When lawmakers say that education policy should be based on research, the
spirit of the law implies reliable, consensus research. Any other
interpretation would mean, and has meant, carrying out unwarranted human
experimentation on our own children. "  There is very little room here
for critical or alternative perspectives and a view of education as
mastery of the received tradition.

f)  (Listen up, EFFers)  "In the field of psychology, which is the key
field for education research, much of what is accepted within the
educational community has been required to conform to a so-called
"constructivist" ideology that does not represent the consensus in
mainstream psychology, and is almost certainly incorrect." (Though we've
heard nothing from official headquarters on the USDoE, DAEL's or OVAE's
position on EFF, from a consistent ideological perspective one might draw
a reasonable conclusion that the current Department of Education would
not look favorably on such "constructvist," "metacognitive" projects like
EFF.  Is this worth a discussion?)

Though I do not know exactly what the influence of such neo-conservative
tending educators  thinkers as E.D. Hirsch (he claims to be a liberal),
William Bennett, B.V. Manno, and Lynne Cheney are having on current USDoE
 thinking, a perusal of the documents and an attunement of various
pronouncements and television presentations leads one (me) to believe
that the collective influence of these thinkers is substantial. 

 What makes their influence particularly pernicious, in my opinion, is
that so much of this is happening below the radar screen where the likes
of constructivism and other progressive educational concepts are being
dismissed as ideology and faddism, while neo-conservative educational
thought is being equated with objective science.  There is an eeirie
Orwellian abuse of language in operation that marginalizes critical
thought with governmental propaganda that the good Senators of Senator
Kennedy's Committee just may not be in a position to see or to act upon
to which they must be held to account.

There's a lot at stake in the current direction of the UDDoE under Bush,
Paige.

Ralph Nader, is there really no difference between Gore and Bush?

George Demetrion
Sophocles5 at juno.com
________________________________________________________

Mathematically Correct

Address to California State Board of Education
April 10, 1997
by E. D. Hirsch, Jr.

http://ourworld.compuserve.com/homepages/mathman/edh2cal.htm

The enormous problem faced in basing policy on research is that it is
almost impossible to make educational policy that is not based on
research. 
Almost every educational practice that has ever been pursued has been
supported with data by somebody.
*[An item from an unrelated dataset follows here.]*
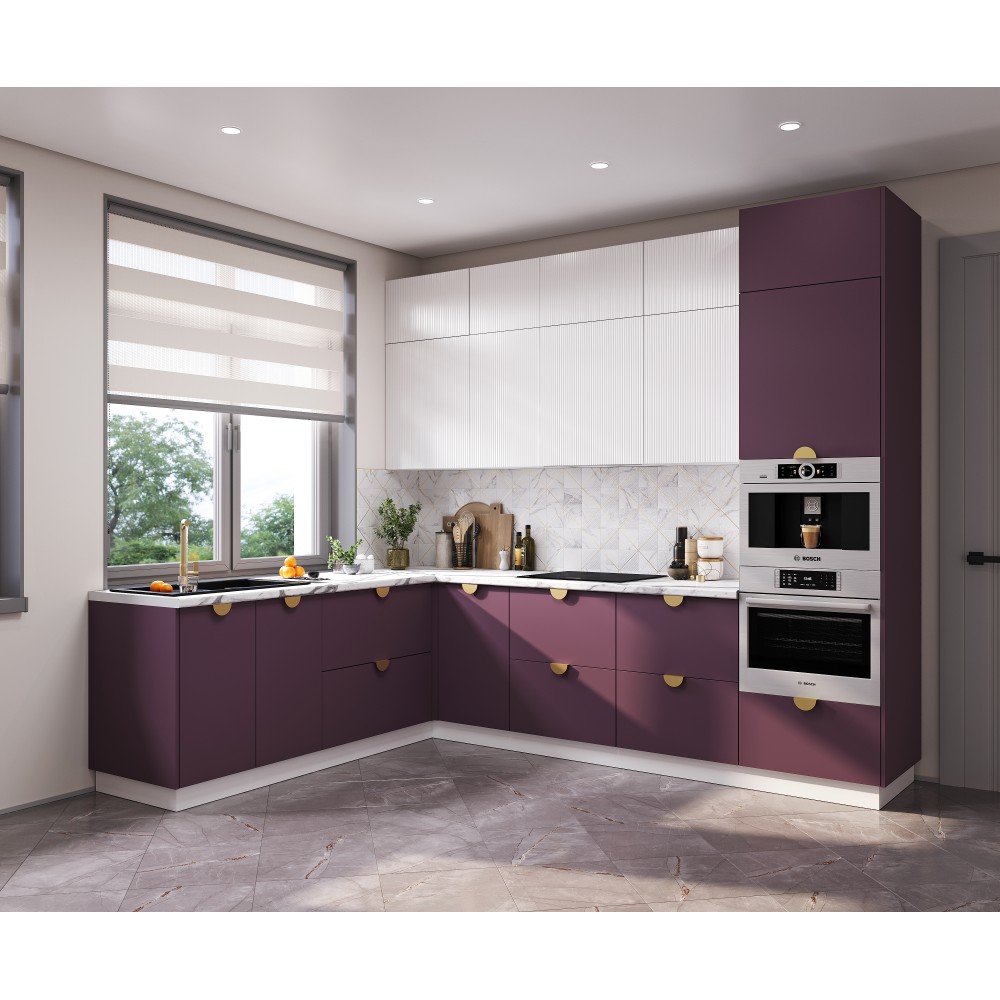 Модульная кухня с вертикальным рельефом верхних. В комплекте: массивная столешница 38 мм в цвете «черный янтарь», система push to open для открытия легким нажатием, шариковые направляющие – тихий бонус к безупречной функциональности. Газлифт обеспечивает плавное открытие дверок, петли с доводчиками. Дополнительно можно приобрести цоколь для нижних модулей.
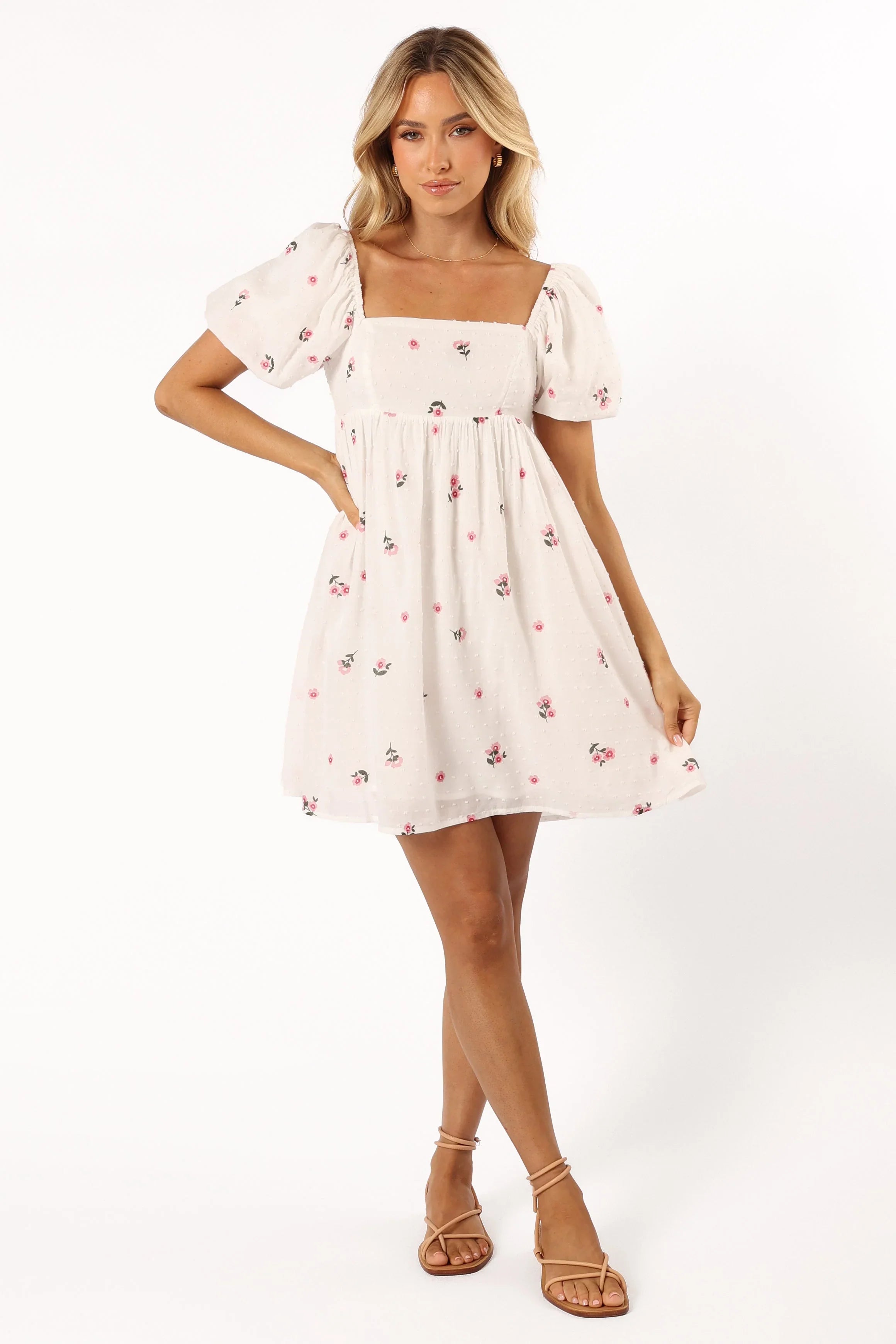 DETAILS This season's must-have mini dress is giving us all the summer feels! With a sophisticated square neckline, elasticised short sleeves and invisible back zip, this dress is designed to flatter your figure.

I don't know a single failed policy,
ranging from the naturalistic teaching of reading, to the open classroom,
to the teaching of abstract set-theory in third-grade math that hasn't
been research-based. Experts have advocated almost every conceivable
practice short of inflicting permanent bodily harm. 

So we need to discriminate between reliable and unreliable research. And
of course my recommendation is going to be that only reliable research
should guide policy. Now it is possible to give some rules of thumb for
determining scientific reliability, but there is no formula adequate to
all situations. The distinguished sociologist of science, Stephen Cole in
his Harvard Press book, called Making Science has found a continuous
spectrum of reliability in most of the natural and social sciences. At
the core 
of each discipline, there develops a consensus of the learned, and this
consensus is highly dependable. It is close enough to being right that
you can bet your life and your children's lives on that core. But out at
the edge, on the frontier of the discipline, there is a lot of
disagreement, and we can't tell for sure which rival theory is right.
When lawmakers say that education policy should be based on research, the
spirit of the law implies reliable, consensus research. Any other
interpretation would mean, and has meant, carrying out unwarranted human
experimentation on our own children. 
If this distinction between core and non-core research is rightly
understood, and if its implications are followed in California, then I
think the days of faddism, guruism, partisanship, and unwarranted
experimentation may be numbered. I'm not saying that research can decide
the aims of education. In a democracy, those are decided by the people.
But core science can determine how best to achieve them. Take reading. As
a people we have decided that we want all our children to read well.
Mainstream research has been saying for some years that a naturalistic
approach cannot achieve that goal for all children. The reasons why that
core research was not heeded is a subject for intellectual and social
history, some of which I traced in my recent book, The Schools We Need &
Why We Don't Have Them. 

I was forced to conclude that in the field of psychology, which is the
key field for education research, much of what is accepted within the
educational community has been required to conform to a so-called
"constructivist" ideology that does not represent the consensus in
mainstream psychology, and is almost certainly incorrect. One
distinguished psychologist who receives grants from the education
division of the National Science Foundation (NSF) expressed dismay at the
ideological, anti-empirical sermons, as he called them, which he hears at
the education division of NSF meet
ings in psychology. 

Insistence upon ideological conformity makes for unreliable science. It
hinders the best research from getting disseminated to the education
world -- to journalists, policy makers, publishers, teachers, and
administrators. As a result, there is an information gap regarding the
findings of mainstream psychology as applied to education.